Grant Ave. in Chinatown, San Francisco. (Photo credit: Wikipedia)

It seemed it was already too late for most cities. However, many small towns that had survived the plague by brutally defending their borders, shooting trespassers and discouraging strangers. Successful survivors rooted out contagion and walled it off quickly, staying apart from the infected and shooting anyone who would compromise their security. That’s why the hospitals were dead. They took people in. The VA hospital on his own base had become a death house before word of the plague had spread through the forts’s hometown of Helena.

Similarly but on a grander scale of destruction, Carron knew San Francisco had been forced to billet soldiers returning from the Middle East when all the troops were recalled. San Francisco had fallen first and fastest than any American city for that reason. Citizens had welcomed the veterans (some of whom already had Sutr before they deployed from the ships) and so everyone died of compassion.
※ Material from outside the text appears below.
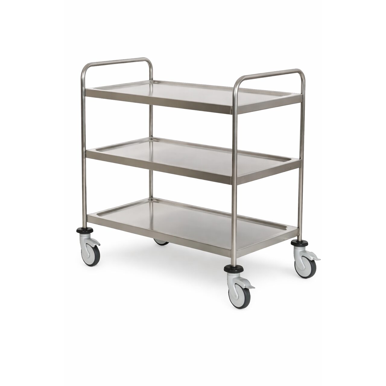 TTAC 3360 este un carucior pentru transport instrumentar cu trei polite, realizat din otel inoxidabil 304 si conceput pentru utilizare in zone sterile. Structura mobila, prevazuta cu maner de impingere si roti cu frane, permite deplasarea controlata si organizarea eficienta a instrumentelor si materialelor pe niveluri separate.

San Francisco had been too kind to survive the New World.

From the safety of a military bunker in Montana, Lieutenant Carron had read the reports, watched the world fall, and passed the incoming intelligence reports to his superiors until his superiors fell sick, too. Some lived through Sutr’s fevers. Most died. Lieutenant Francis Carron didn’t so much as catch a cold and he would not give a sliver of compassion the chance to infect him.